--- Problem to solve ---
Only those lines in the data below from the line containing "9. Челядинов Д.В., Полякова" through the line containing "[공문/답변] 사이트라는 외국어", both included, should be restated word for word.

--- Data listing ---
^^^^^^^^

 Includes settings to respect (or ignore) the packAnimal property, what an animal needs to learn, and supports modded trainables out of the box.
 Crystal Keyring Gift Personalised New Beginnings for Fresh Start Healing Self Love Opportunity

^^^^^^^^

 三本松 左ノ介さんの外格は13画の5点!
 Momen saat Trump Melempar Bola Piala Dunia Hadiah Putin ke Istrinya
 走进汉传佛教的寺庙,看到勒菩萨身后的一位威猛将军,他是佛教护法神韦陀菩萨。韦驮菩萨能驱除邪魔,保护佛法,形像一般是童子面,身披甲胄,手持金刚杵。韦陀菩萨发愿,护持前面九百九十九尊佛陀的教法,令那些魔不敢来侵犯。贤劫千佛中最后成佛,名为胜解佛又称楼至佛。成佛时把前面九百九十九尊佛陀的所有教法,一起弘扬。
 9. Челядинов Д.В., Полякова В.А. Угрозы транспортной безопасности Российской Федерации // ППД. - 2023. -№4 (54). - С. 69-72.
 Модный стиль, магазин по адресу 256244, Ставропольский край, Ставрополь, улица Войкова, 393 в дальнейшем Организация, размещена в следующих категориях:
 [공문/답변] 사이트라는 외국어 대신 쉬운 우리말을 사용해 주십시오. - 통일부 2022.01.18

^^^^^^^^

--- Written answer ---
 9. Челядинов Д.В., Полякова В.А. Угрозы транспортной безопасности Российской Федерации // ППД. - 2023. -№4 (54). - С. 69-72.
 Модный стиль, магазин по адресу 256244, Ставропольский край, Ставрополь, улица Войкова, 393 в дальнейшем Организация, размещена в следующих категориях:
 [공문/답변] 사이트라는 외국어 대신 쉬운 우리말을 사용해 주십시오. - 통일부 2022.01.18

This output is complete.